Starting a new business can be quite daunting, particularly if you’re trying to do so within a strict budget.
On top of other initial start-up costs such as purchasing stock or merchandise, arranging insurance, budgeting for staff overheads and (if you don’t own the building) allocating funds to pay rent, there are often costs involved in installing assets to fit-out the new space before you can open the doors for business.
What commercial property tenants are often unaware of is that they are entitled to claim deductions in the form of depreciation for many of the assets installed during the fit-out of a property.

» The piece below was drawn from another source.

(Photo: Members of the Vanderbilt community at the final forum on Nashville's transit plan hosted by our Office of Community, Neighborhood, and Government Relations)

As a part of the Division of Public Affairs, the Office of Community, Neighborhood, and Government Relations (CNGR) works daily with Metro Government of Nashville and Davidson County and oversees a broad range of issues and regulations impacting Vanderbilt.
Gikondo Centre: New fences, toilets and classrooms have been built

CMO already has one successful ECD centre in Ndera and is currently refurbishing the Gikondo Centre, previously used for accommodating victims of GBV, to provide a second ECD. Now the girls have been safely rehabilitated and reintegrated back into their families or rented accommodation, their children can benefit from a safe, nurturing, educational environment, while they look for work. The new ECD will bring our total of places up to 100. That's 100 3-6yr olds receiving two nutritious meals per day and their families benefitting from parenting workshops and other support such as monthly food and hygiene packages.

As a building gets older and the items within it age, they depreciate in value. The Australian Taxation Office (ATO) allows commercial tenants and building owners to claim deductions for the wear and tear of the structural and fixed items within a property as well as for the easily removable plant and equipment items contained within the property.

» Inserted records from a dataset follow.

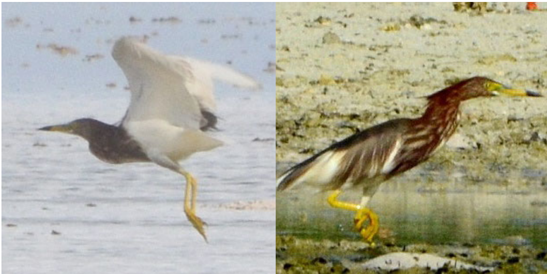
Figs. 4 & 5 Home Island & Pulu Ampang: left on 5 th June, right 15 th June 2014

This bird was showing much breeding plumage (Fig. 3) when first seen on West Island on 21 st May 2014 by Geof Christie, Pam Jones and Karen Willshaw. It relocated almost immediately to Home Island and then took up residence on the reefs at the south-eastern tip of Home Island and those that surround adjacent Pulu Ampang. It remained there until at least January 2020 (six years) and there is no reason to suspect that it isn't still present. Although it is thought to have moulted in and out of breeding plumage, that sequence seemed to be independent of season. For instance it was in breeding plumage in May/June 2014, as well as six months later in January 2015 and again in December 2016. It was in non-breeding plumage in February 2018. Whenever looked-for it could normally be found near Pulu Ampang, only missed on rare occasions. This individual was timid and retiring. Other identifiable images of this bird are below and for interest, the last, Fig.10, is of this bird in non-breeding plumage.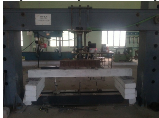
Figure 5.13 Testing of Beam Specimen

The experimental setup is shown in Figure 5.13. All beams were tested in reaction type loading frame of capacity 500 KN. The span of the beams kept as 2000 mm with simply supported end condition and was tested under two point loading applied at one third span points through a stiff beam. Deflections of the beams were measured by three LVDTs at midspan, one third span and one fourth span.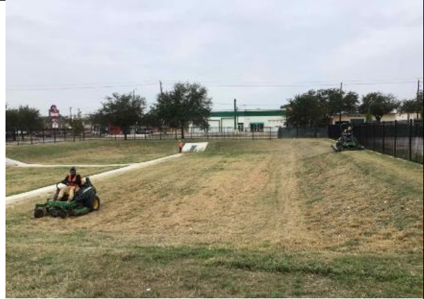
Detention pond mowing has been completed.

Depending on the construction commencement date, the type of commercial property and its use, capital works deductions can be claimed at a rate of either 2.5% or 4% by the owner each year for any structural or fixed items contained within the property.
When depreciation is being applied to removable plant and equipment items within a property it becomes far more complicated. This is because both the owner and the tenants of the property can claim deductions for the depreciation of items.

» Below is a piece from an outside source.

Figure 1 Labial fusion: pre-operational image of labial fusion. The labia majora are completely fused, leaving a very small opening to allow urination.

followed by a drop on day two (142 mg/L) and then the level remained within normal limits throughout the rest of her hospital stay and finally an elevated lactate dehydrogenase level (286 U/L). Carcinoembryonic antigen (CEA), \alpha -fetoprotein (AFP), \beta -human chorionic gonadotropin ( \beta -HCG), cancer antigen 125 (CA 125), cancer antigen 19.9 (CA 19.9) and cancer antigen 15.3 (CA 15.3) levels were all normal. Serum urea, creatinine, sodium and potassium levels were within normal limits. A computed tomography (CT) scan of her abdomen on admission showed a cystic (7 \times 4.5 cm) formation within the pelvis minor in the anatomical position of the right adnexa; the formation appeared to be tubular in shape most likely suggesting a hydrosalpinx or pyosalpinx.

Commercial tenants are able to claim depreciation for any fit-out they add to a property once their lease starts.
Examples of common business assets installed during a fit-out include:
- Carpets
- Air-conditioning units
- Fire fighting equipment
- Desks
- Blinds
- Shelving and
- Security systems.
The owner can also simultaneously claim deductions for any plant and equipment items originally contained within the property.
Each plant and equipment item should be depreciated based on its individual effective life as set by the ATO for the item’s owner. However some assets will also entitle the owner to claim an immediate write-off or to add them to a low-value pool to increase deductions sooner if they meet certain requirements as outlined by the ATO.
Depending on lease conditions, if a tenant vacates a building and does not remove the fit-out from the building, the owner of the property may still be able to claim any remaining depreciation for these items. However, if a tenant’s lease stipulates that the property must be returned to its original condition at the end of the lease, the tenant can benefit by claiming any remaining depreciation on the items which are removed and scrapped from the property.
To ensure that depreciation deductions are maximised for both owners and tenants, it is recommended that both parties request a quote to arrange a tax depreciation schedule. We can provide separate schedules for the owner and the tenant which will outline the deductions available for each party.
These deductions can be beneficial to both the tenants and the owner of the property in improving their cash flow and in reducing the annual costs of renting or holding the property.
Thanks
If a tenants vacates a commercial property but is still paying rent until the end of the lease are they able to claim depreciation on items which are scrapped from the property?
Hi Elise,
Thank you for your query. It is recommended to check the conditions of the lease as this may stipulate details about when tenants are able to remove plant and equipment assets or claim any remaining depreciable value for assets being removed and scrapped when leaving the premises. It can also depend on if the property was income producing at the time of disposal and whether the item is classified as capital works or as plant and equipment (if plant and equipment – it can also depend on whether the item has been allocated to a low-value pool). An Accountant may need to make a balancing adjustment on disposal of some assets which could count towards the tenants assessable income.